* _PROBLEM_
Your reply should be a faithful copy of the records below, free of pictures.

* _SUPPLIED INFORMATION_
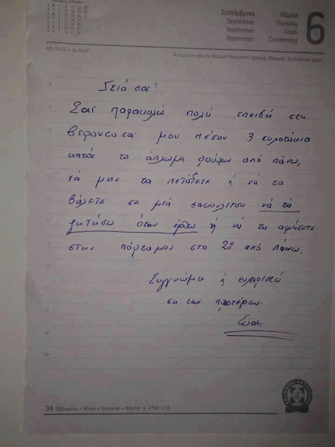 Το συγκεκριμένο μήνυμα γράφτηκε πάνω σε ημερολόγιο της ελληνικής αστυνομίας. Ωστόσο δεν είναι γνωστό αν όντως το άτομο που το έγραψε είναι αστυνομικίνα ή απλά έτυχε να χρησιμοποιήσει το συγκεκριμένο χαρτί.
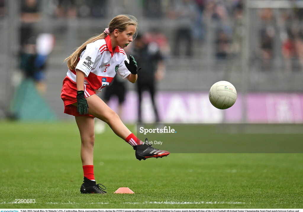 9 July 2022; Sarah Rice, St Malachy’s P.S., Castlewellan, Down, representing Derry, during the INTO Cumann na mBunscol GAA Respect Exhibition Go Games match during half-time of the GAA Football All-Ireland Senior Championship Semi-Final match between Galway and Derry at Croke Park in Dublin. Photo by Seb Daly/Sportsfile
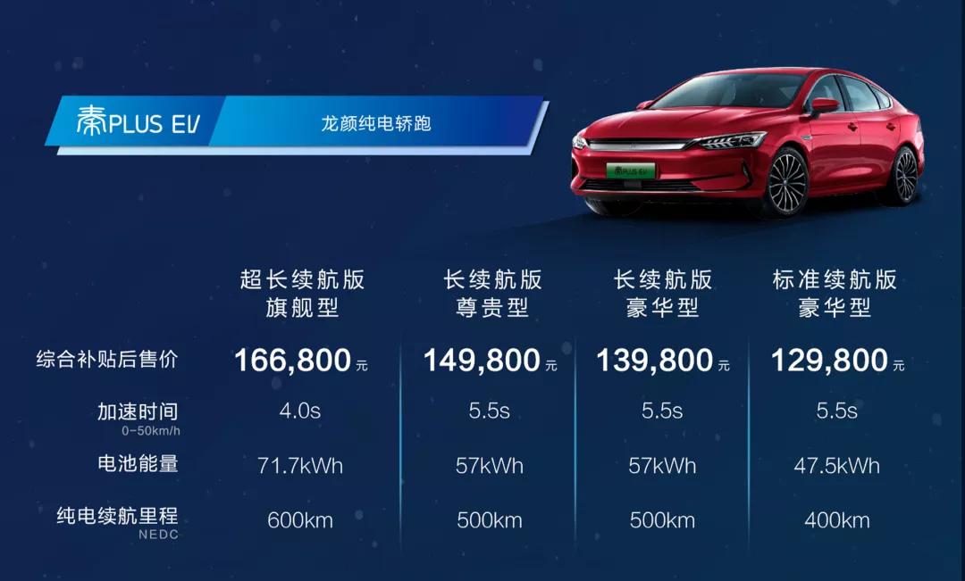 秦PLUS EV是首次现身,它和DM版长得类似,长宽高分别为4765/1837/1515mm,轴距为2715mm。共推4款车型,电池容量为46.5kWh、57kWh和71.7kWh,NEDC续航里程为400km、500km和600km。驱动电机的最大功率为135kW,官方百公里电耗为12.9kWh。30分钟直流快充,电量即可从30%充至80%。
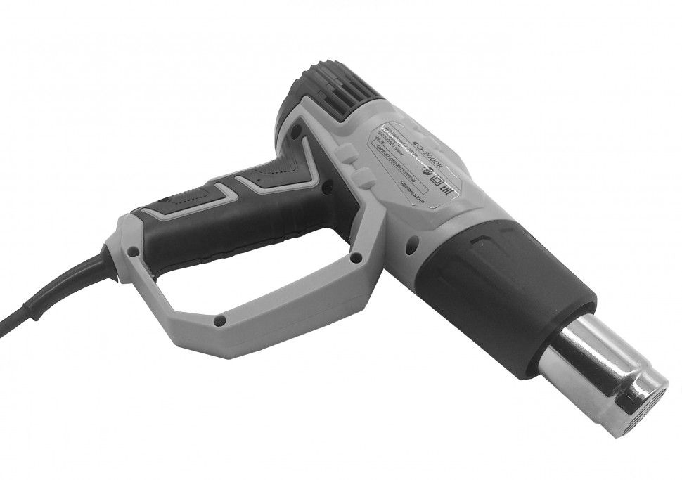 Строительный фен – ручной электроинструмент, предназначенный для обработки горячим воздухом поверхностей и материалов, для удаления красок, формования и сварки пластмассы, нагревания термоусадочных труб; инструмент также подходит для пайки и лужения, размягчения клеевых соединений (швов), а также размораживания водопроводных труб.Строительный фен предназначен для эксплуатации при температуре окружающей среды от -10°С до +40°С, относительной влажности воздуха не более 80% и отсутствии прямого воздействия атмосферных осадков и чрезмерной запылённости воздуха.Преимущества: - Три режима работы; - Легкий и простой в управлении; - Мощный двигатель на 2000 Вт; - Долгий срок службы.Особенности: Простое управление. Прибор оснащён ступенчатым переключателем, задающим три режима регулировки воздушного потока. Безопасность в эксплуатации. Закрытая рукоятка - залог безопасной работы.
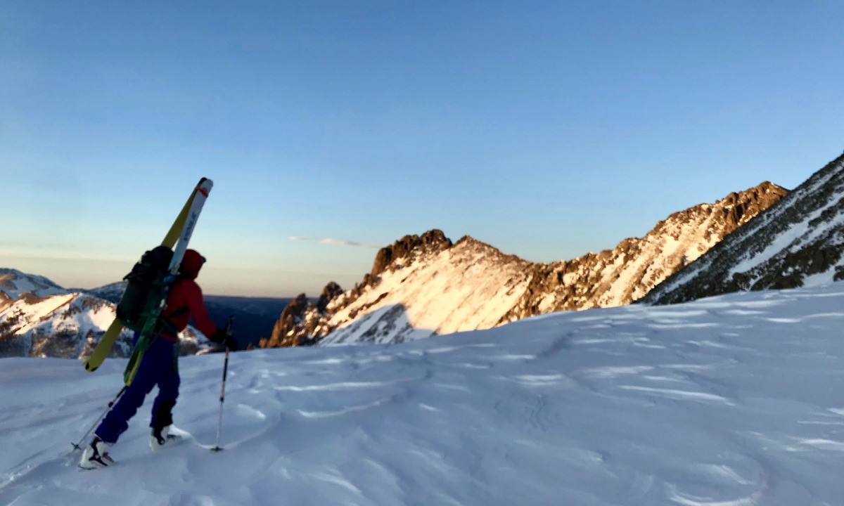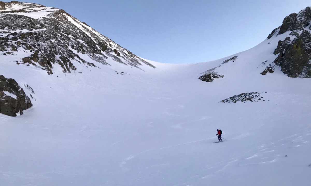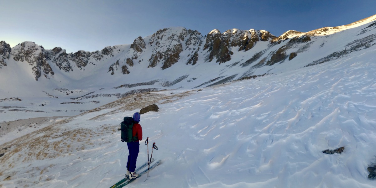 Finally the true saddle came into view. Evening light settled on the snow caps around us, splashing them gold. The coyote tracks had wandered elsewhere. We skinned up a wide, mellow bowl framed by 12,493 ft Mount Mahler and 12,945 ft Mount Richthofen. Steep couloirs began to reveal themselves in nearby ridgelines. The wind picked up, gusting against our backs as we started up a headwall. Skins and skis slipped on sastrugi. We switched to booting. I spotted dark brown pebbles — big horn sheep poop. We remarked on their hardiness to wander so high in winter.

* _ANSWER TO THIS PROBLEM_
 Το συγκεκριμένο μήνυμα γράφτηκε πάνω σε ημερολόγιο της ελληνικής αστυνομίας. Ωστόσο δεν είναι γνωστό αν όντως το άτομο που το έγραψε είναι αστυνομικίνα ή απλά έτυχε να χρησιμοποιήσει το συγκεκριμένο χαρτί.
 9 July 2022; Sarah Rice, St Malachy’s P.S., Castlewellan, Down, representing Derry, during the INTO Cumann na mBunscol GAA Respect Exhibition Go Games match during half-time of the GAA Football All-Ireland Senior Championship Semi-Final match between Galway and Derry at Croke Park in Dublin. Photo by Seb Daly/Sportsfile
 秦PLUS EV是首次现身,它和DM版长得类似,长宽高分别为4765/1837/1515mm,轴距为2715mm。共推4款车型,电池容量为46.5kWh、57kWh和71.7kWh,NEDC续航里程为400km、500km和600km。驱动电机的最大功率为135kW,官方百公里电耗为12.9kWh。30分钟直流快充,电量即可从30%充至80%。
 Строительный фен – ручной электроинструмент, предназначенный для обработки горячим воздухом поверхностей и материалов, для удаления красок, формования и сварки пластмассы, нагревания термоусадочных труб; инструмент также подходит для пайки и лужения, размягчения клеевых соединений (швов), а также размораживания водопроводных труб.Строительный фен предназначен для эксплуатации при температуре окружающей среды от -10°С до +40°С, относительной влажности воздуха не более 80% и отсутствии прямого воздействия атмосферных осадков и чрезмерной запылённости воздуха.Преимущества: - Три режима работы; - Легкий и простой в управлении; - Мощный двигатель на 2000 Вт; - Долгий срок службы.Особенности: Простое управление. Прибор оснащён ступенчатым переключателем, задающим три режима регулировки воздушного потока. Безопасность в эксплуатации. Закрытая рукоятка - залог безопасной работы.
 Finally the true saddle came into view. Evening light settled on the snow caps around us, splashing them gold. The coyote tracks had wandered elsewhere. We skinned up a wide, mellow bowl framed by 12,493 ft Mount Mahler and 12,945 ft Mount Richthofen. Steep couloirs began to reveal themselves in nearby ridgelines. The wind picked up, gusting against our backs as we started up a headwall. Skins and skis slipped on sastrugi. We switched to booting. I spotted dark brown pebbles — big horn sheep poop. We remarked on their hardiness to wander so high in winter.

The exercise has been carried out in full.